|Here's PJ looking all bride-like...|
The first night we went to one of my favorite restaurants in Cleveland, it's a Salvadorean Cooperative. I ordered bean papusas with rice and plaintains. They bring a huge jar of homemade curtido to the table, it was spicy and so good.
|bean papusa, curtido, plaintains, beans and rice|
If you decide to play the cocoa puff game yourself, put them on at the last minute, they absorb moisture from the frosting and go stale quickly! I just frosted the cake per usual, and then layered them ons from bottom to top.
Chocolate Rose CakeMakes a double layer cake
Into a large bowl mix well:
3 cups unbleached white flour
2 cups sugar
2/3 cups cocoa powder
2 teaspoons baking soda
1 teaspoon salt
Into another bowl add:
1 cup cold water plus 1 cup rose water
1/2 cup plus 2 tablespoons vegetable oil
2 teaspoons vanilla extract
2 tablespoons lemon juice or apple cider vinegar
Preheat your oven to 350°F. Pour the liquid ingredients into the dry ingredients and blend well with a big whisk or mixer. Beat out all of the lumps. Divide into two 8" cake pans that have been greased and floured with cocoa.
Bake about about 45 minutes, then test the centers with a toothpick or cake tester.
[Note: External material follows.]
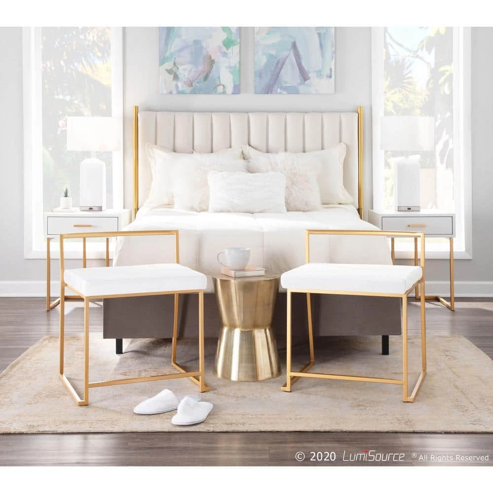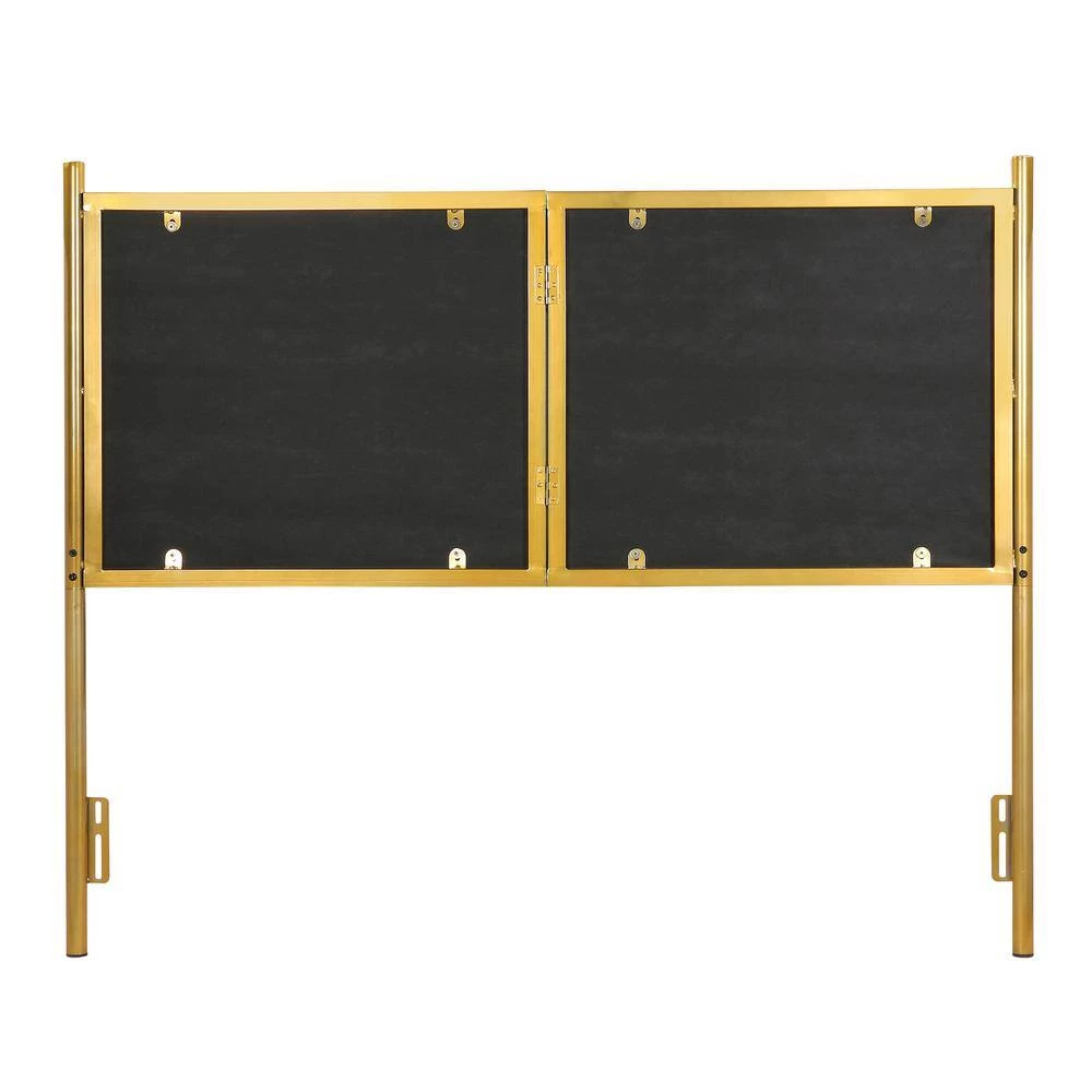 Add a dash of glam to your bedroom with the Chloe Headboard. Plush padding and sumptuous upholstery are accented by a luminous gold metal frame. Available in a variety of colors, choose the one that fits your area the best.

If the tester comes out clean they are done. Cool for ten minutes, then turn out on a wire rack to cool fully.
Chocolate Cream Cheeze Frosting
What You Need:
- 1/4 cup Earth Balance buttery sticks (at room temperature)
- 8oz (one container) Tofutti cream cheeze
- 1/2 cup semi sweet chocolate chips, melted (3 oz)
- 3 cups powdered sugar (sifted)
- 1 teaspoon liqueur or your favorite extract
What You Do:
- Beat the Earth Balance and cream cheeze together until smooth with a stand mixer or hand beaters.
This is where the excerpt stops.